Work to be completed: In the entries that follow, the lines from the line containing "VECELO Small White" up to and including the line containing "Possui varanda, sala" must be copied exactly, with pictures omitted.

::: Given records :::

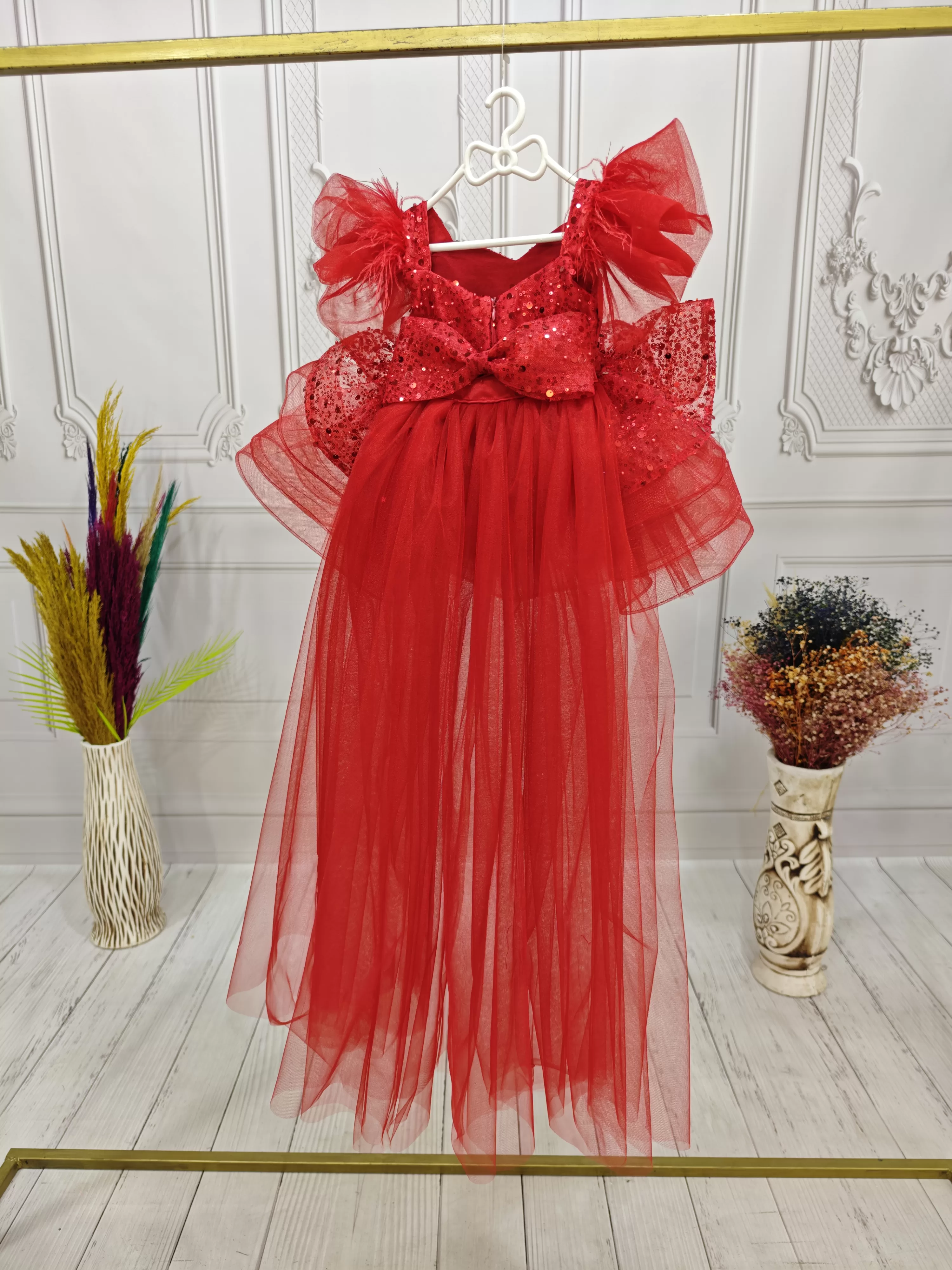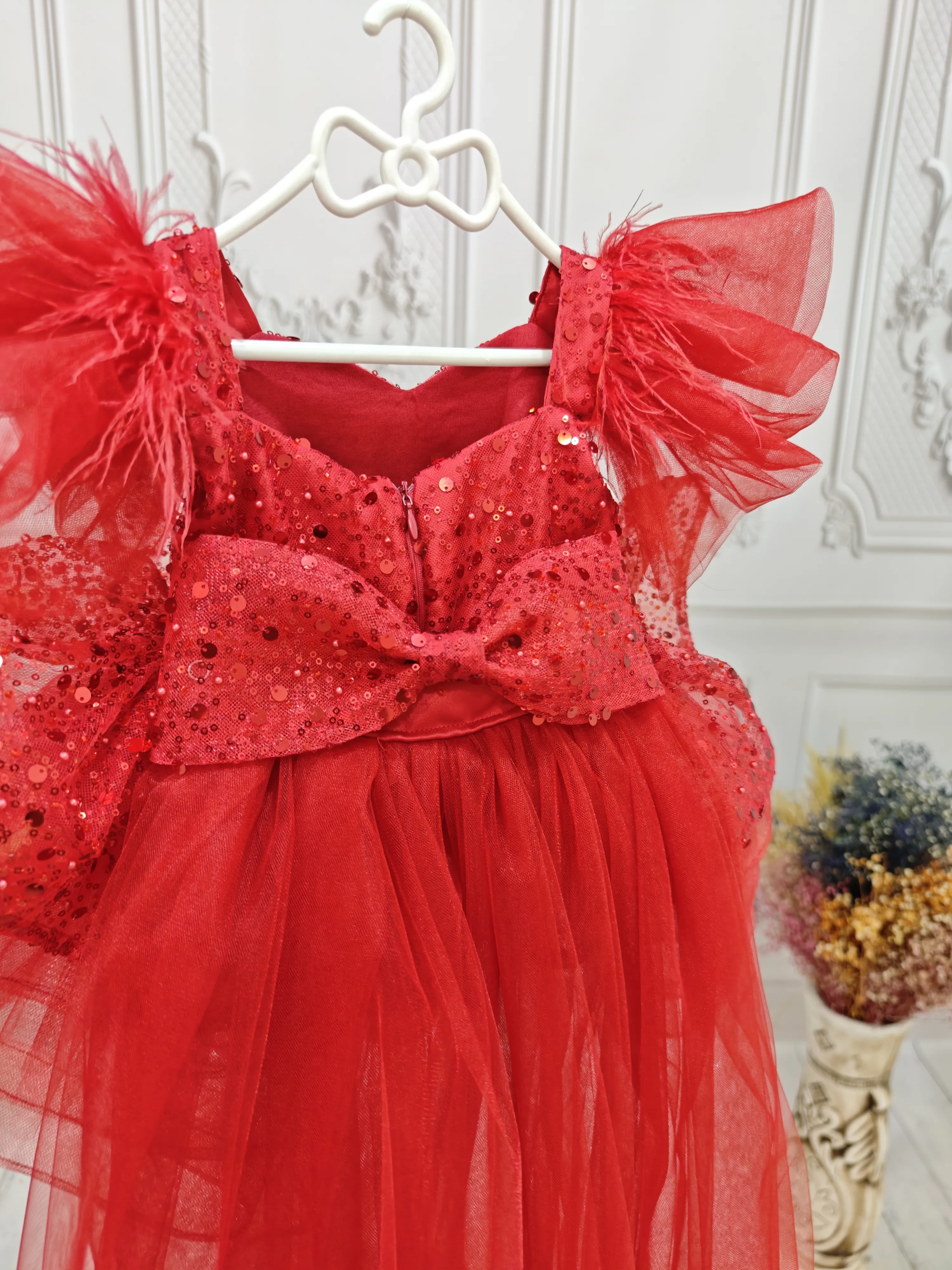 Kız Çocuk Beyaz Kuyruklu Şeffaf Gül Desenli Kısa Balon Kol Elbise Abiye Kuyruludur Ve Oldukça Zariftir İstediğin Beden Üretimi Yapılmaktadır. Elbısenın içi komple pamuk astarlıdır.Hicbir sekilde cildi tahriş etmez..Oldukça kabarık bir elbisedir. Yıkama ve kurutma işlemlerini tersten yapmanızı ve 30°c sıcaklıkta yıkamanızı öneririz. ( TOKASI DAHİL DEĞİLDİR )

:::
::: Given records :::

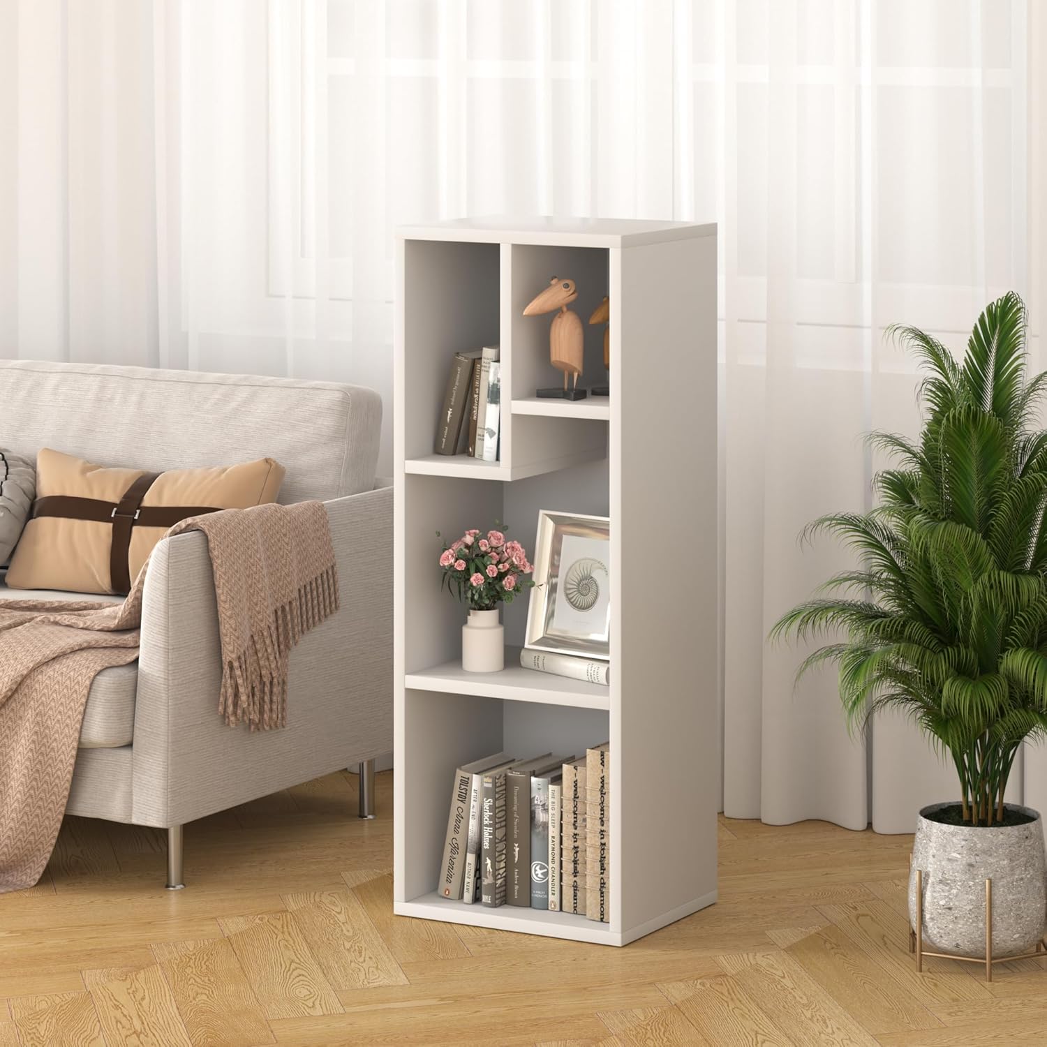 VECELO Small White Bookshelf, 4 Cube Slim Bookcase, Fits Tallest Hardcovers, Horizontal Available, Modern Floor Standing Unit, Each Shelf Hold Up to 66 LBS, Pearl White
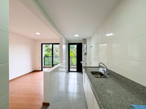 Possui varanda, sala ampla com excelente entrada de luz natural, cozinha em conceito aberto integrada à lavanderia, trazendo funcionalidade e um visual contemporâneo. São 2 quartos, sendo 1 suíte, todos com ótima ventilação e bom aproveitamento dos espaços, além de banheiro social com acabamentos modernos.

:::

Task output:
 VECELO Small White Bookshelf, 4 Cube Slim Bookcase, Fits Tallest Hardcovers, Horizontal Available, Modern Floor Standing Unit, Each Shelf Hold Up to 66 LBS, Pearl White
 Possui varanda, sala ampla com excelente entrada de luz natural, cozinha em conceito aberto integrada à lavanderia, trazendo funcionalidade e um visual contemporâneo. São 2 quartos, sendo 1 suíte, todos com ótima ventilação e bom aproveitamento dos espaços, além de banheiro social com acabamentos modernos.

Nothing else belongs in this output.